Indeks harga perdagangan besar (wholesale price index)
Menitikberatkan pada sejumlah barang pada tingkat perdagangan besar. Ini berarti
harga bahan mentah, bahan baku atau setengah jadi masuk dalam perhitungan
indeks harga. Biasanya perubahan indeks harga ini sejalah atau searah dengan
indeks biaya hidup
GNP deflator
Adalah jenis indeks yang lain. Berbeda dengan indeks biaya hidup dan indeks
harga perdagangan besar, yaitu dalam hal cakupan barangnya.
GNP deflator mencakup jumlah barang dan jasa yang masuk dalam perhitungan
GNP, jadi lebih banyak jumlahnya bila dibanding dengan 2 indeks diatas. GNP
deflator diperoleh dengan membagi GNP nominal (atas dasar harga berlaku)

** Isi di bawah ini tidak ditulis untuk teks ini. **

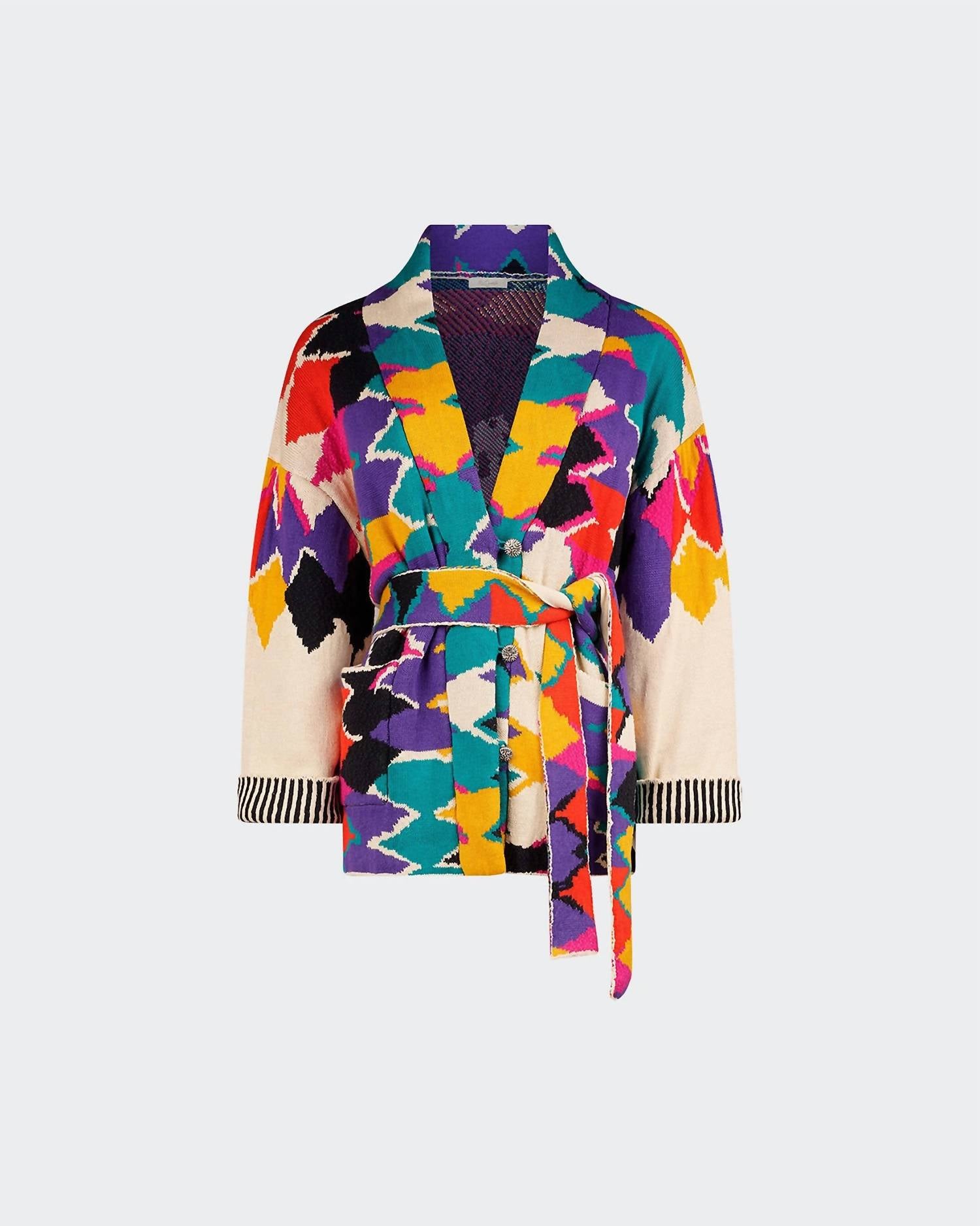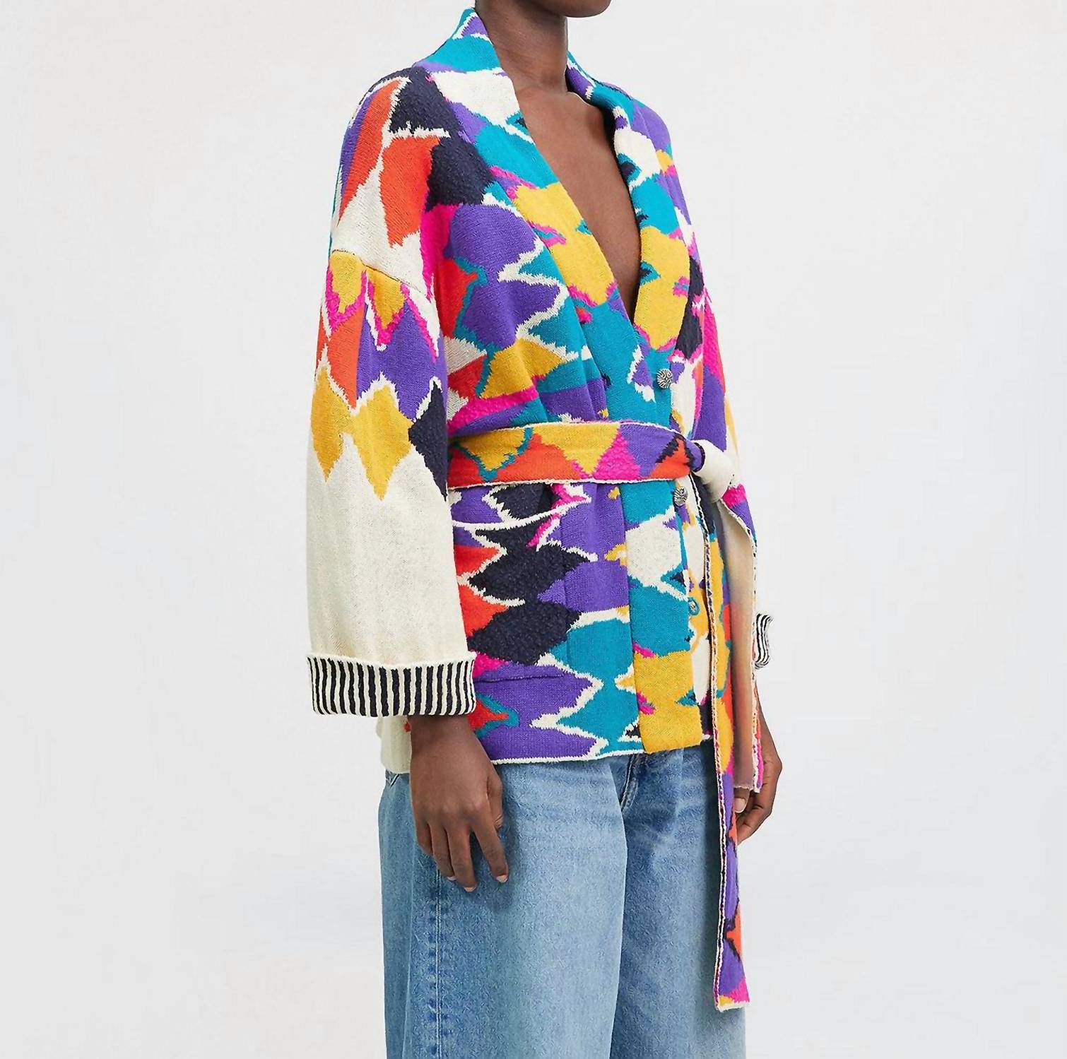This cardigan will be a sweater-rotation favorite. Elevate your style with the Athan Cardigan by Mes Demoiselles, beautifully crafted in a cotton blend with a geometric jacquard pattern. This long sleeve piece features a unique blend of 76% Cotton, 10% Horsehair, 9% Linen, and 5% Polyester and comes in an elegant ivory hue. Designed with a button closure and an included belt to enhance your silhouette, it effortlessly complements your holiday party attire. With a nod to Y2K trends, this cardigan's kimono-inspired sleeves and v-neckline add a chic touch.

dengan GNP riil (atas dasar harga konstan). GNP deflator = GNP Nominal / GNP
Riil x 100.
74
7.2. Jenis Inflasi
Untuk mengidentifikasi inflasi lebih lanjut, inflasi dapat dikelompokkan menurut
tingkat parah atau tidaknya, menurut sebabnya dan menurut asalnya.
Menurut tingkat parah atau tidaknya.
Menurut pengelompokkan ini, dibagi menjadi :
Inflasi termasuk ringan apabila berada di bawah 10% setahun
Inflasi termasuk sedang apabila berkisar antara 10% - 30% setahun
Inflasi termasuk berat apabila berkisar antara 30% - 100% setahun
Inflasi termasuk tinggi (hyperinflation) bila lebih dari 100% setahun
Indonesia dalam sejarah kehidupan telah mengalami kesemua jenis inflasi dari
yang ringan sampai dengan tinggi.
Inflasi tinggi pernah terjadi tahun 1966 mencapai diatas 500% setahun.
Secara umum, laju inflasi dapat berbeda antara satu Negara dengan Negara lain
atau dalam satu Negara untuk waktu yang berbeda. Atas dasar besarnya laju inflasi,
dapatlah inflasi dibagi ke dalam 3 kategori, yakni :
Inflasi Merayap (creeping inflation). Terjadi inflasi merayap ditandai dengan
laju inflasi yang rendah (< 10% per-tahun). Kenaikan harga berjalan dengan
lambat, dengan persentase yang kecil dan dalam jangka waktu yang relatif
lama.
Inflasi Menengah (galloping inflation), terjadi inflasi ditandai dengan kenaikan
harga yang cukup besar (biasanya double digit bahkan triple digit) dan
kadangkala berjalan dalam waktu yang relatif pendek serta mempunyai sifat
akselerasi, artinya harga-harga minggu/bulan ini lebih tinggi dari minggu/bulan
lalu dan seterusnya. Efeknya terhadap perekonomian leibh berate daripada
inflas yang merayap.
Inflasi Tinggi (hyperinflation), merupakan inflasi yang paling parah akibatnya.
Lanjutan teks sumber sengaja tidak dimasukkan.